The thing that struck me as I read the posts (while trying to wake my brain up and get started with my own writing) is that it’s basically a Newtonian concept: the Resistance is a Force equal to and with the opposite direction to the Force we are trying to apply, the one that gets our Dream to happen.
So, the bigger the Dream, the bigger the Resistance.
My Dream is, right now, finishing Pride’s Children in time for publication on September 14, 2014. Why then? Because 1) I can probably finish it by then, and 2) I can afford to publish – without losing disability benefits – because they are either vanishing then (the private disability insurance which has made a huge difference to our ability to remain middle class when I became ill), or turning, ipso facto, into ‘retirement’ benefits. I will be 65 (not 66 – I still don’t get that part – since my cohort’s SS retirement age is 66). It doesn’t matter to SS and the whole system that it will have taken me 14 years to accumulate enough ‘good time’ to write and edit a novel when many days are lucky to get a single hour of time when my brain is on. Which, interpreted, means that I could not hold down a job (I would prefer to work – people look down on those who don’t) even if I wanted to.
Getting far afield here… getting back to ‘WHY?’
The point I’m trying to make is that I have bitten off way more than I can chew. Pride’s Children will be over 1/3 of a million words (approximately the same length as Gone With the Wind – a fat paperback on my shelf with 1468 pages), in four Parts (the last part is only 8 chapters, whereas the first three are 20 chapters each.
Needless to say, I had no idea it would be that long when I started – it grew, organically, from about 8 pages worth of outline.
Also needless to say, if I had known I probably wouldn’t have GOTTEN started. Hindsight, you know.
How to handle Resistance
The point I am trying to make will start with a quotation from Steven:
“Hovering before me as I wake up is the work I know I need to do that day. Inevitably that work is daunting and inescapably it brings up fear. Ineluctably I don’t want to do it. This fear and this avoidance combine to create the witch’s brew that boils and bubbles in the cauldron of my brain.”
Those of us with CFS – and CFS-like illnesses – know that we get up every morning with soup for brains, and that a big part of the day is accomplished when we can actually think. I won’t apologize for this limitation – I’m not unique in this respect, it has no moral undertones (except if you don’t believe in invisible illnesses, in which case you’ll probably think I’m a lazy and self-indulgent slob), and I’ve been facing it every morning for 24 years.
But sometime during every day I’m lucky, the brain comes on, we are actually now physically capable of thinking, and I am faced with that ‘work I know I need to do that day.’

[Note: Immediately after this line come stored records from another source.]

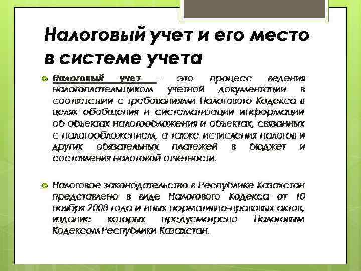ОРГАНИЗАЦИЯ НАЛОГОВОГО УЧЕТА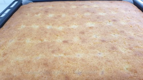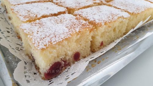 A cukrot és a tojást fehéredésig keverem, majd a vajat, tejfölt, a lisztbe kevert sütőport a tésztához keverem. Sütőpapirral kibélelt tepsibe,180 fokra előmelegitett sütőbe teszem alsó-felső sütésre. Kb. 35-40 perc, sütőtől függ az elkészitési idő. A tetejére én leginkább lecsöpögtetett meggyet szoktam tenni, de készitettem már almával, mandarinnal, barackkal is. Télen egy kávéskanál fahéjat is szoktam a tésztába keverni, attól olyan jó kis karácsonyi hangulat lesz az egész lakásban. 🙂 Nem szabad megszáritani, ahogy a piskótát sem!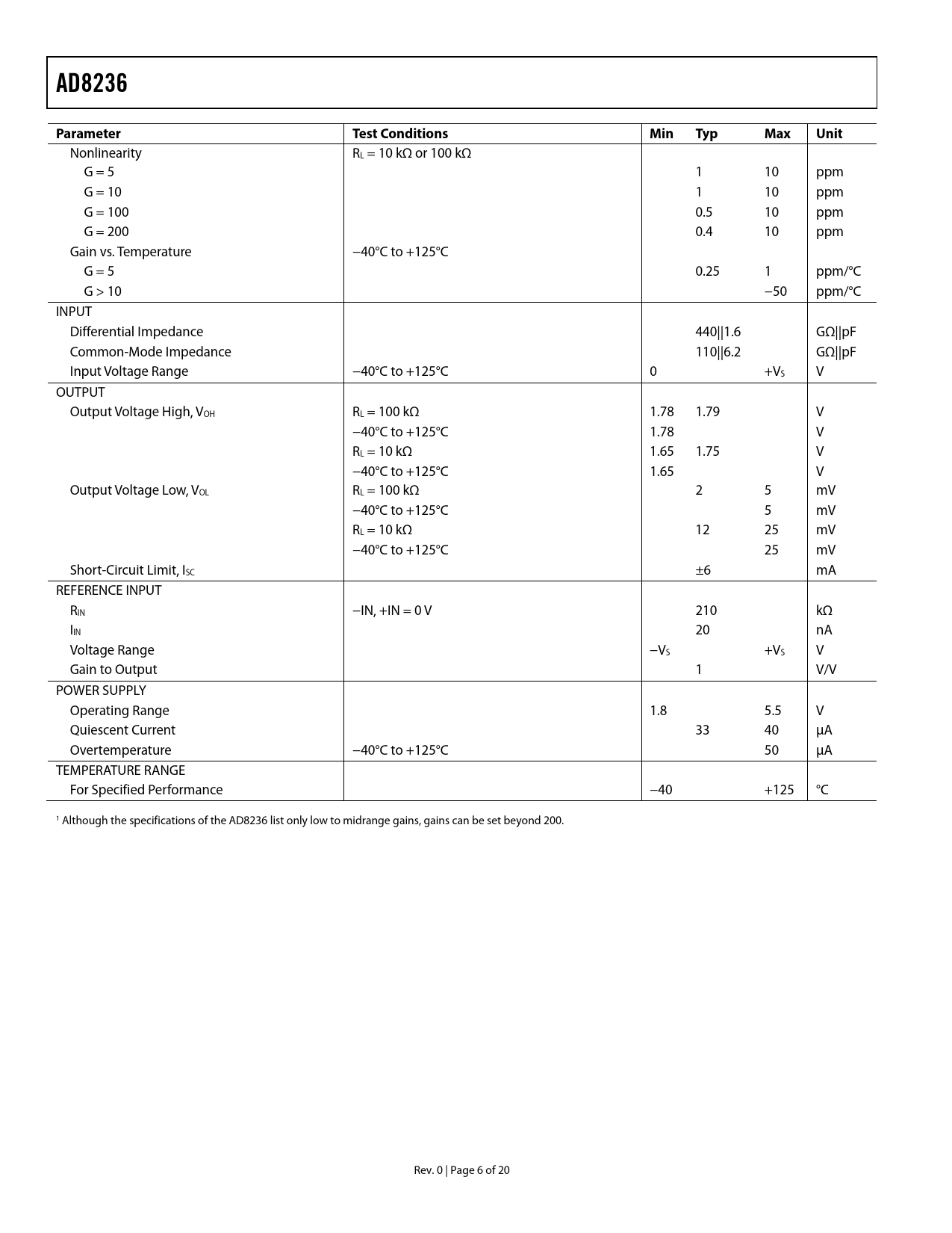 AD8236 Parameter Test Conditions Min Typ Max Unit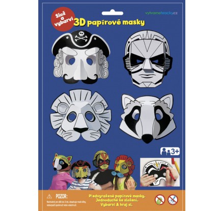 Papírové karnevalové masky - 4 ks - pirát, superhrdina, lev, mýval. Předvyražené masky slož podle obrázkového návodu a vymaluj si. Sada obsahuje 4 různé masky, gumičku, obrázkový návod. Barvy nejsou součástí balení. Masky jsou vyrobeny na kvalitním tvrdém papíru.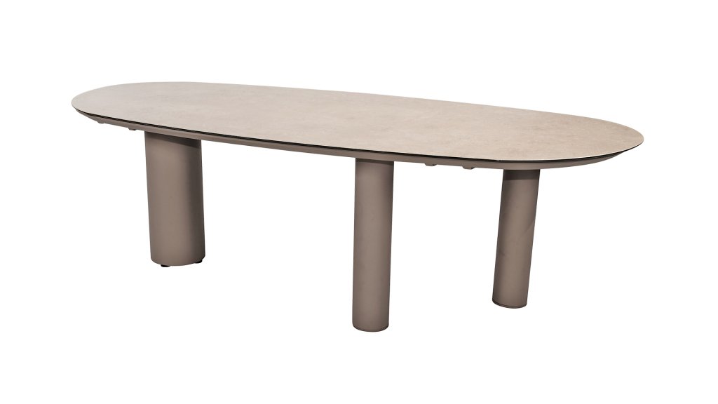 Het opvallende mango shaped tafelblad geeft de Denia tafel een speels organisch silhouet dat direct in het oog springt. Verkrijgbaar in twee kleuren - Latte en Terre - én twee afmetingen – 290x110x75 cm en 240x105x75 cm. Het tafelblad is vervaardigd uit keramiek op glas, een sterke en onderhoudsvriendelijke combinatie die bestand is tegen krassen, hitte en vlekken. De driepoots onderstelconstructie van gepoedercoat aluminium zorgt voor maximale stabiliteit én een moderne uitstraling. Bekijk hieronder alle varianten binnen de Taste Denia tafel serie: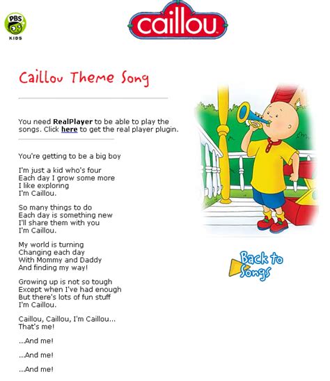 Caillou Theme Lyrics. Each day i go somwhere. Web spanish translation of lyrics for caillou theme by caillou.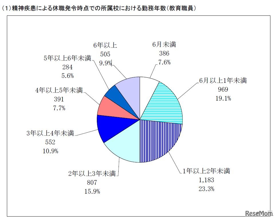 文部科学省は平成30年12月25日、平成29年度公立学校教職員の人事行政状況調査の結果を公表した。精神疾患による病気休職者数は5,077人で、前年度(平成28年度)から186人増加した。所属校の勤務年数別では、3年未満が7割近くを占めた。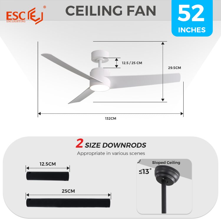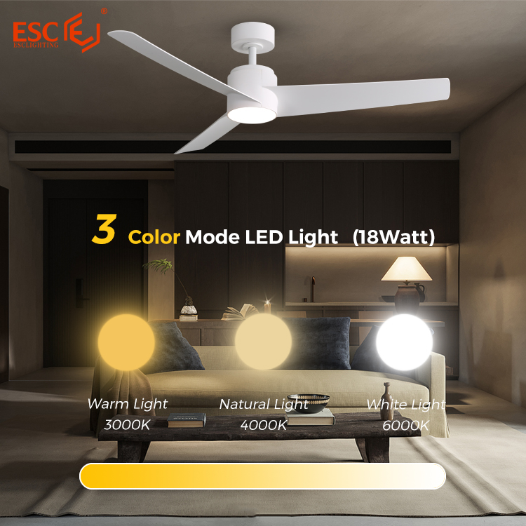 2.52 inches ceiling fan with light: Our 52-inch ceiling fan features adjustable lighting design with a 18W LED light panel. It offers brightness adjustment from 10% to 100% and comes with 3 light colors (3000K warm light, 4500K natural light, 6500K cool light) to meet various indoor settings such as study rooms, bedrooms, and night time lighting needs.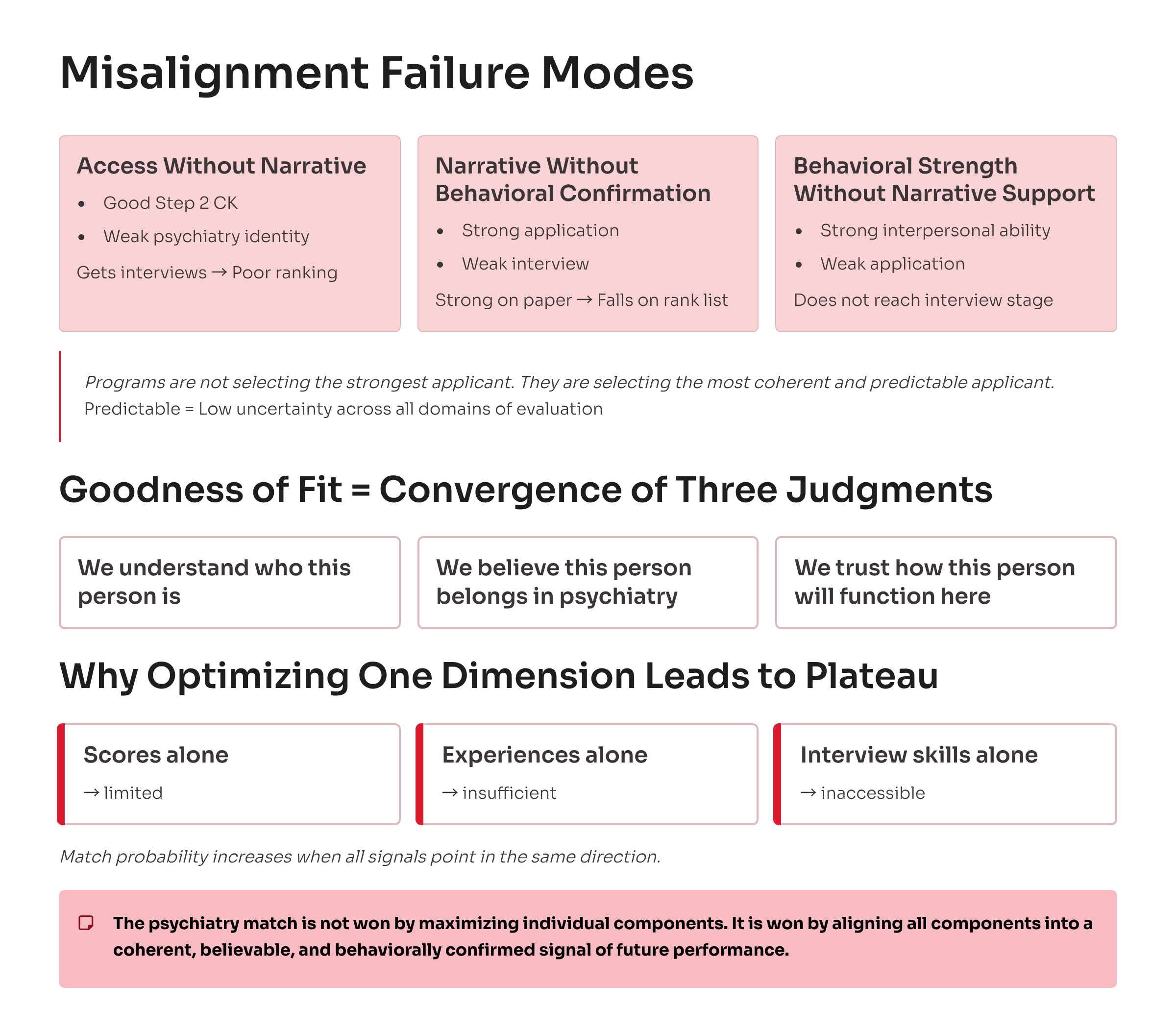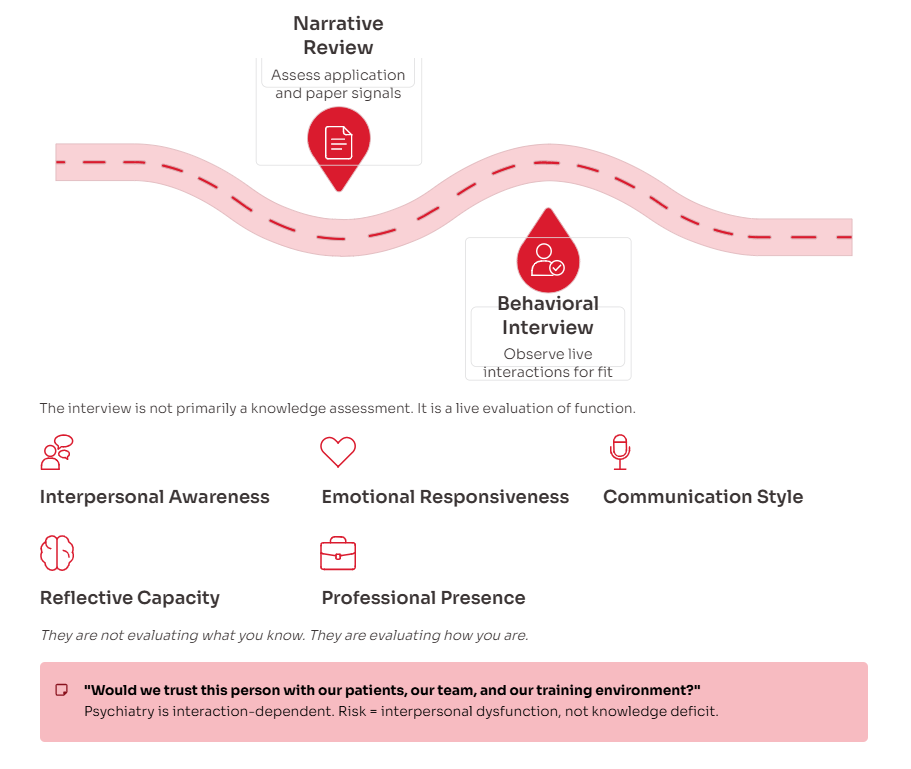 Applicants are not filtered because they are weak—they are filtered because they are not interpretable as psychiatry-specific.
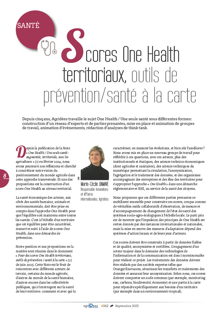 Numéro 262 - Scores One Health territoriaux, outils de prévention/santé à la carte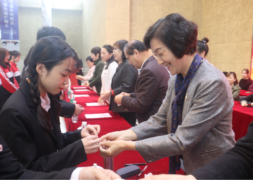 院徽则由我院优秀的学长、学姐为新生代表佩戴,这是表率、是互助、是合作、是优秀对接优秀的传承;新生戴上校徽,也同时将我院的荣耀,使命扛在肩上。新生是我院的“后浪”,也是我院注入的一股新鲜血液。新生们戴上院徽就意味着多了一份责任与担当,戴上院徽的此刻就正式成为了人文与国际教育学院大家庭的一员,我们志存高远、责任为先,严格要求自己的言行,不负学院对新生们寄予的殷切希望。

Set aside the fact that after 24 years, the backlog of things I SHOULD do is a thousand feet shorter than Everest.
I have cut away almost everything that can be dumped, put off until some other day, or whose consequences will just have to be faced since I’ve missed the deadline. But I STILL have the decision, once choice is possible, of what to do.
In my defense – and all of ours – if most people had to do what I do every day just to function, we would be awarding them medals and telling them to take the rest of the day – nay, the rest of the YEAR – off to recover and just enjoy life.
Okay – now what?
But that kind of thinking doesn’t get books written – it just leads to you feeling justified in not trying, and we can’t have that, can we?
So, I know now, courtesy of Mr. Pressfield, that the Resistance I’m feeling in the pit of my stomach is exactly proportional to the size of the Dream=Book that I have grandiosely started, and now, by gum, will finish – God willin’ and the creek don’t rise.
It IS a monster – because the Resistance is the same size as the Book.
I am not lazy nor particularly self-indulgent, but I HAVE been underestimating the Enemy. And it always helps to face Reality.
The solution is JOY
From now on, I’m going to feel Joy when I wake up in the morning, because if will know the size of my Enemy, and his very size will confirm that I, ego notwithstanding, have taken on a monumental task, an enormous mountain to write, and I am going to win.
I have met the Enemy – and he is me. I can handle ‘me.’ It was the vague amorphous blob of Resistance that I feared.
You may all hold my feet to the fire if I fail (offer does not apply if Life decides to throw something truly major – worse than what I already live with – my way).